## YOUR OBJECTIVE
Given the records below, the lines starting at the line with "Designer Lefrik har" and ending at the line with "- No final, adicione" should be output exactly, both end lines kept and pictures left out.

## AVAILABLE RECORDS
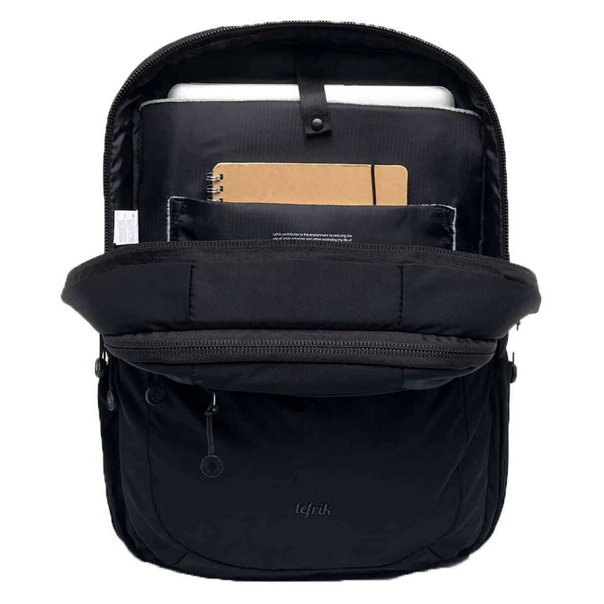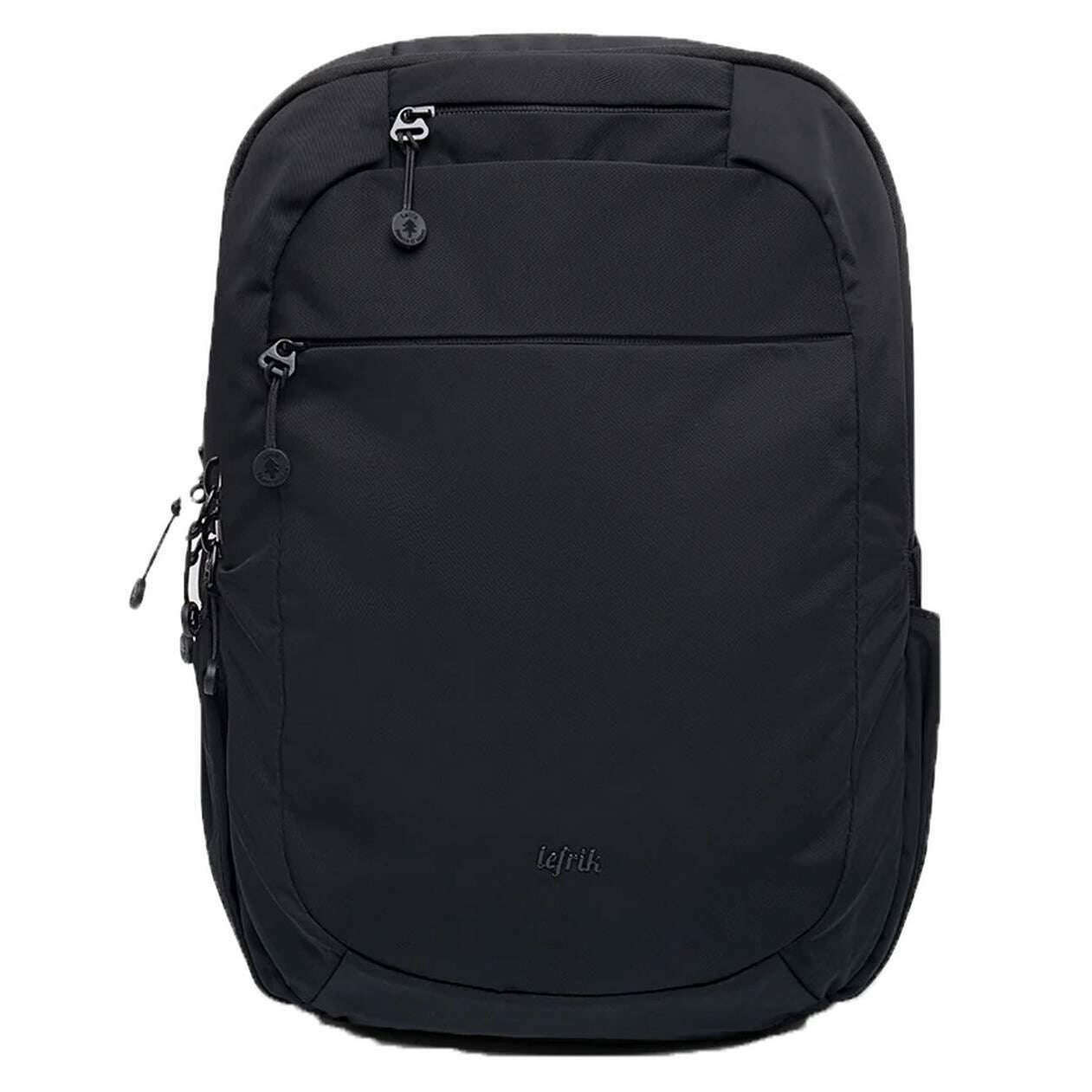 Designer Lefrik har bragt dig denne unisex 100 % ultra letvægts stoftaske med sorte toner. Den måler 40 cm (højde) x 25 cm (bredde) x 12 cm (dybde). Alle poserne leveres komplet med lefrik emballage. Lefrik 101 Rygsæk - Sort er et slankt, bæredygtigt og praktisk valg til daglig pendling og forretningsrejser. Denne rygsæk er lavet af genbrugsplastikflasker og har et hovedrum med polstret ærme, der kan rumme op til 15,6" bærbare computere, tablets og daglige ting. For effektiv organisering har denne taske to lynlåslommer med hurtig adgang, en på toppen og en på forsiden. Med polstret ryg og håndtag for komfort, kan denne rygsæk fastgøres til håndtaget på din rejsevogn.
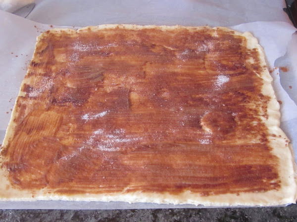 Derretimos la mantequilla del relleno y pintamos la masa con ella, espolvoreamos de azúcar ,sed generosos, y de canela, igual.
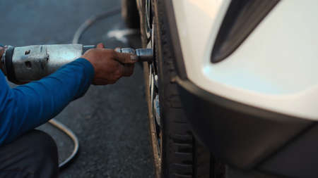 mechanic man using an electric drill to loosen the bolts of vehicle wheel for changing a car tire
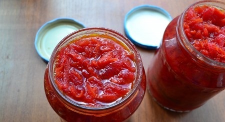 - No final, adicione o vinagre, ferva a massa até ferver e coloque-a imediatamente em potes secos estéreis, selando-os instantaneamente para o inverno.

==

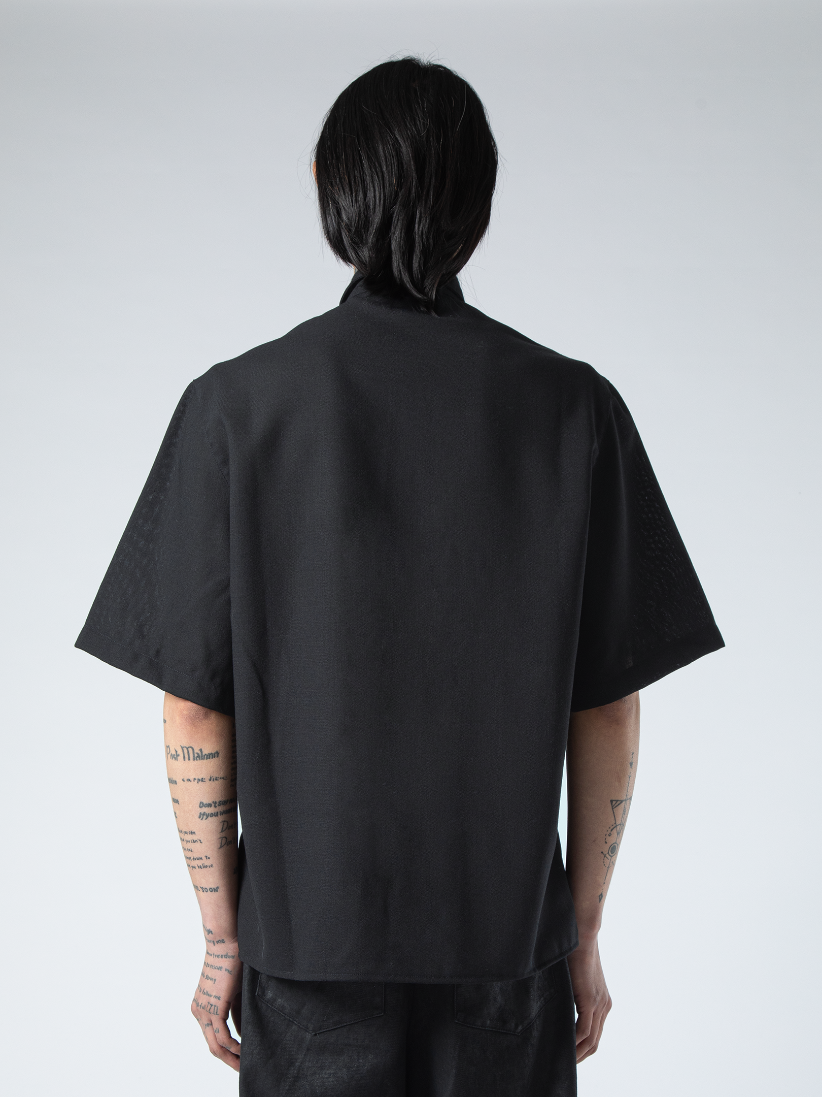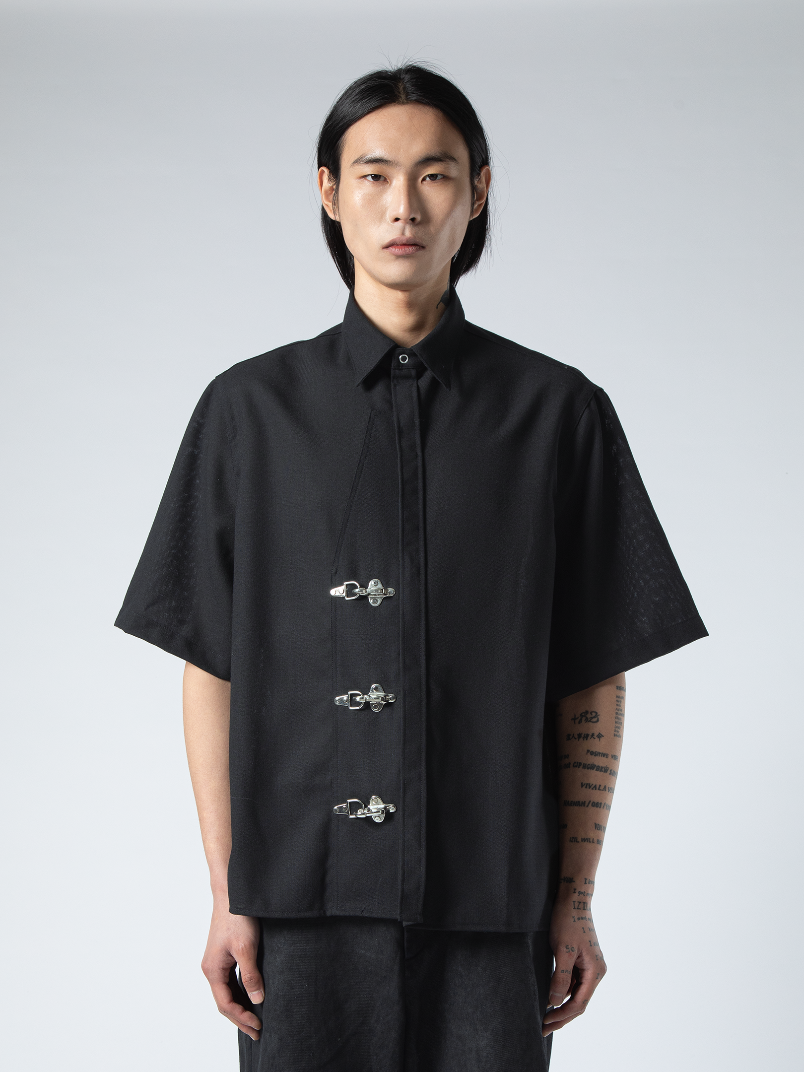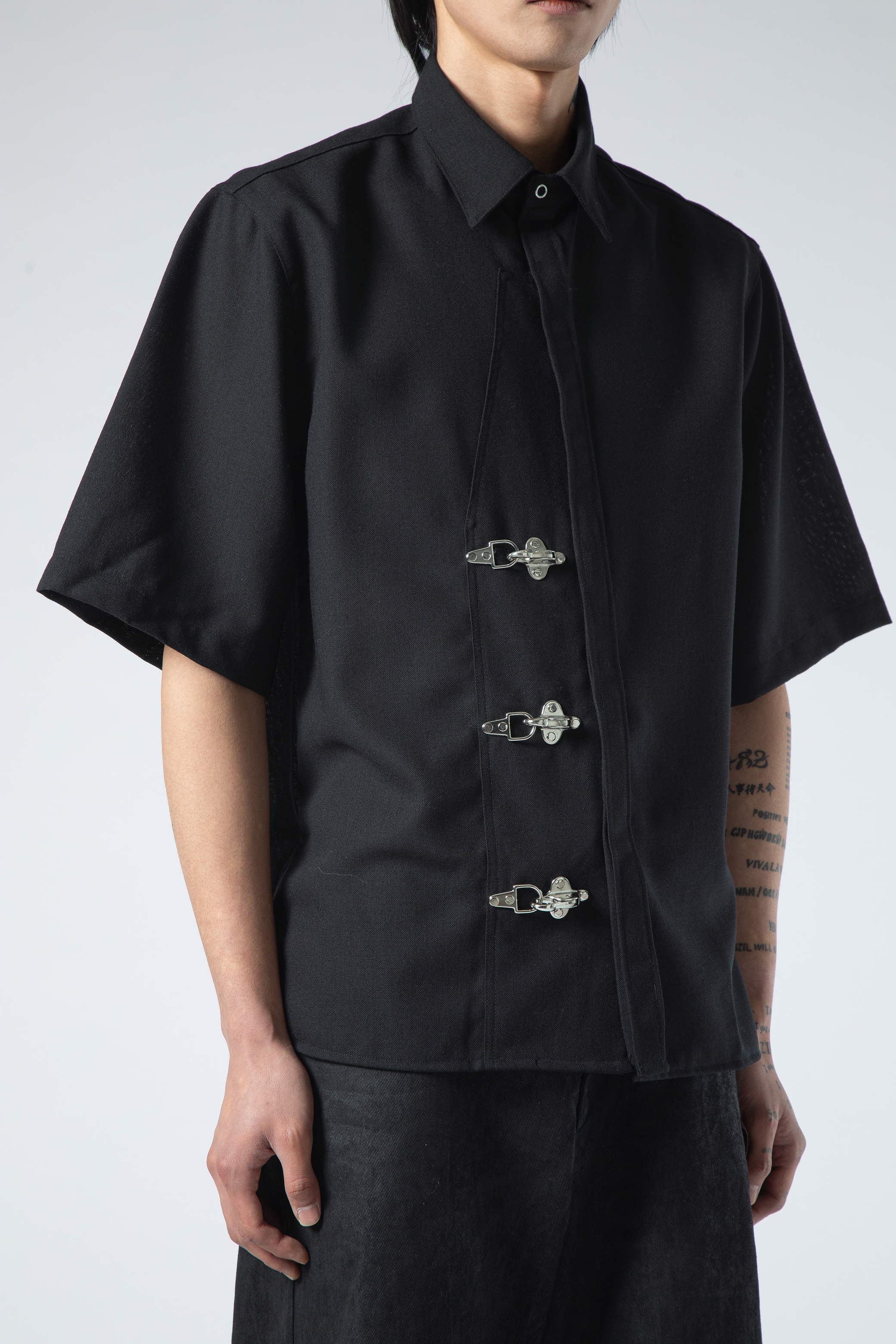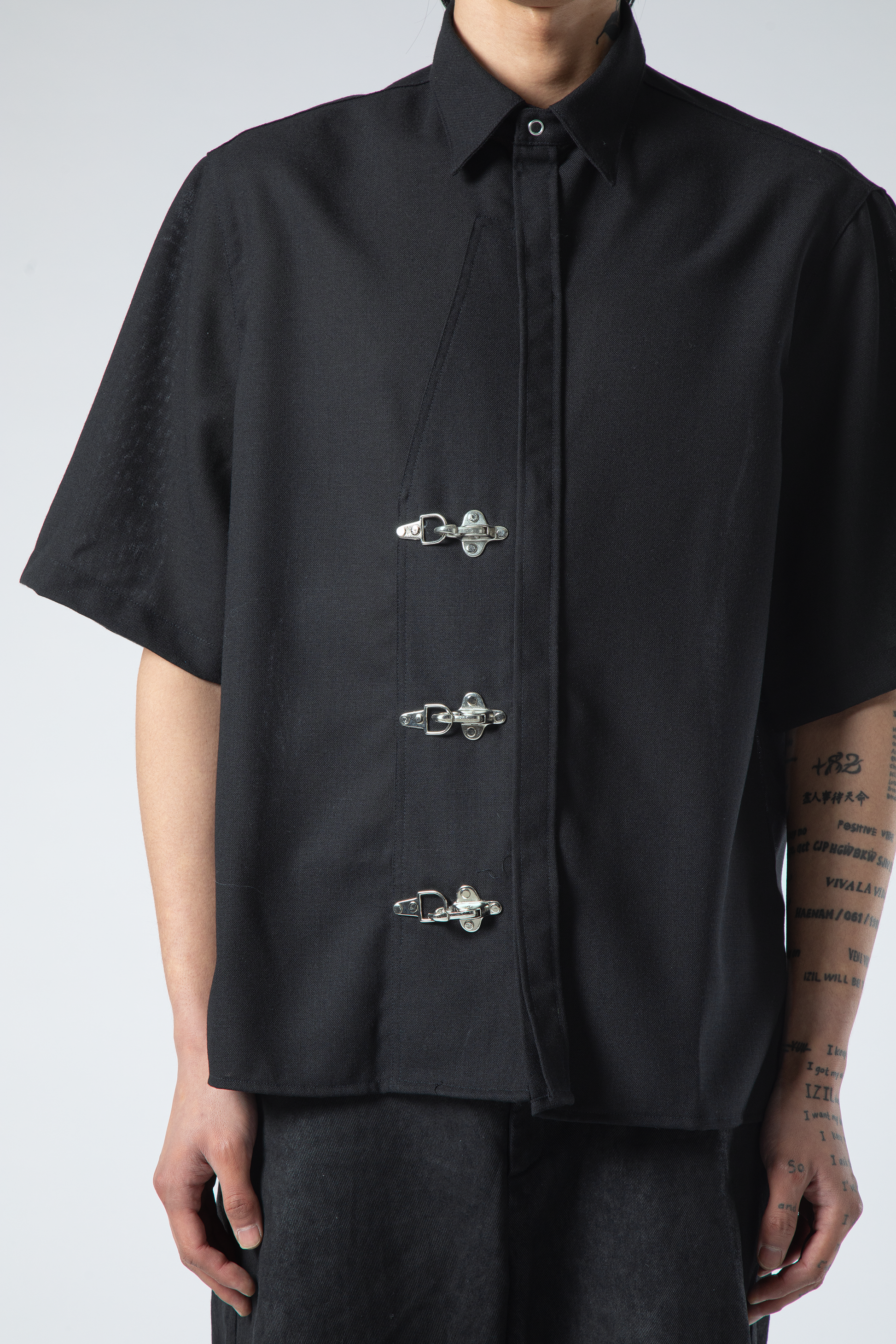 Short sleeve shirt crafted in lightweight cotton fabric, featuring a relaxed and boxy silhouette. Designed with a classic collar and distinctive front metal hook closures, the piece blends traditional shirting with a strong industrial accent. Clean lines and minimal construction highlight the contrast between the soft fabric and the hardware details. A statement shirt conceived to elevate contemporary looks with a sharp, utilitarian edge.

---

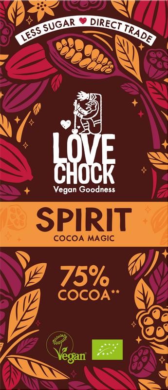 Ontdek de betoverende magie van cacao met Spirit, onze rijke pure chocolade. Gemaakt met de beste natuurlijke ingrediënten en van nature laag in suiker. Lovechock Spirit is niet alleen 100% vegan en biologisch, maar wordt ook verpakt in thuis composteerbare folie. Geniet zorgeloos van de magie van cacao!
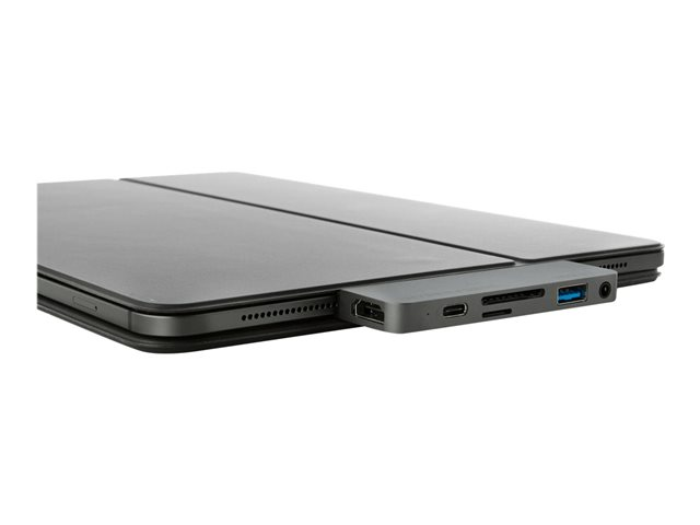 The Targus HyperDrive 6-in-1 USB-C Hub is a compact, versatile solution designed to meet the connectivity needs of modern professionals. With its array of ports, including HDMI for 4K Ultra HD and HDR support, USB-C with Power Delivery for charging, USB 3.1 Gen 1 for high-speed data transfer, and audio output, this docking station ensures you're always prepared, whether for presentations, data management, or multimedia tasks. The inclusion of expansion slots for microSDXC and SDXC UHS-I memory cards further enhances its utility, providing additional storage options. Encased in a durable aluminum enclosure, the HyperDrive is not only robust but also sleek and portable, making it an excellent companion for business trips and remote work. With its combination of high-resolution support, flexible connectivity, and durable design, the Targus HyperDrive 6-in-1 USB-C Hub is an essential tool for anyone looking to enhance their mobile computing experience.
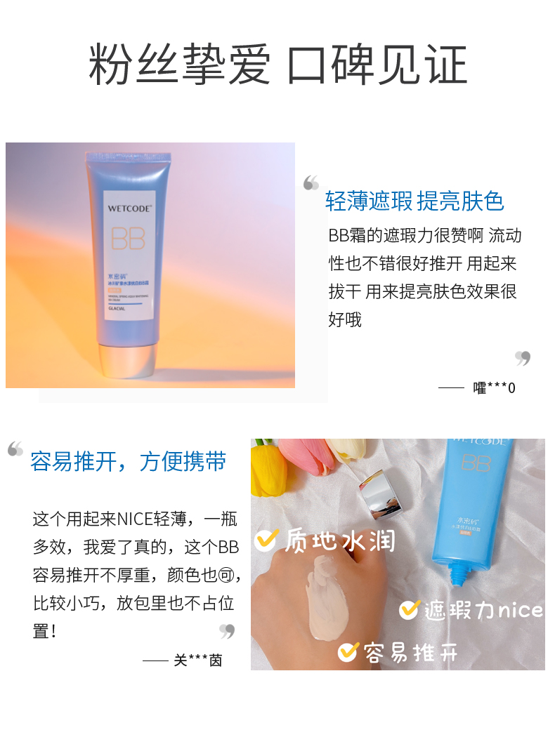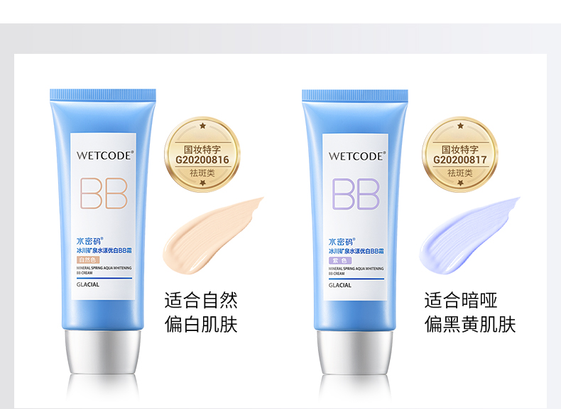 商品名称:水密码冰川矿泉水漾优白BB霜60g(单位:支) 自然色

## ANSWER
 Designer Lefrik har bragt dig denne unisex 100 % ultra letvægts stoftaske med sorte toner. Den måler 40 cm (højde) x 25 cm (bredde) x 12 cm (dybde). Alle poserne leveres komplet med lefrik emballage. Lefrik 101 Rygsæk - Sort er et slankt, bæredygtigt og praktisk valg til daglig pendling og forretningsrejser. Denne rygsæk er lavet af genbrugsplastikflasker og har et hovedrum med polstret ærme, der kan rumme op til 15,6" bærbare computere, tablets og daglige ting. For effektiv organisering har denne taske to lynlåslommer med hurtig adgang, en på toppen og en på forsiden. Med polstret ryg og håndtag for komfort, kan denne rygsæk fastgøres til håndtaget på din rejsevogn.
 Derretimos la mantequilla del relleno y pintamos la masa con ella, espolvoreamos de azúcar ,sed generosos, y de canela, igual.
 mechanic man using an electric drill to loosen the bolts of vehicle wheel for changing a car tire
 - No final, adicione o vinagre, ferva a massa até ferver e coloque-a imediatamente em potes secos estéreis, selando-os instantaneamente para o inverno.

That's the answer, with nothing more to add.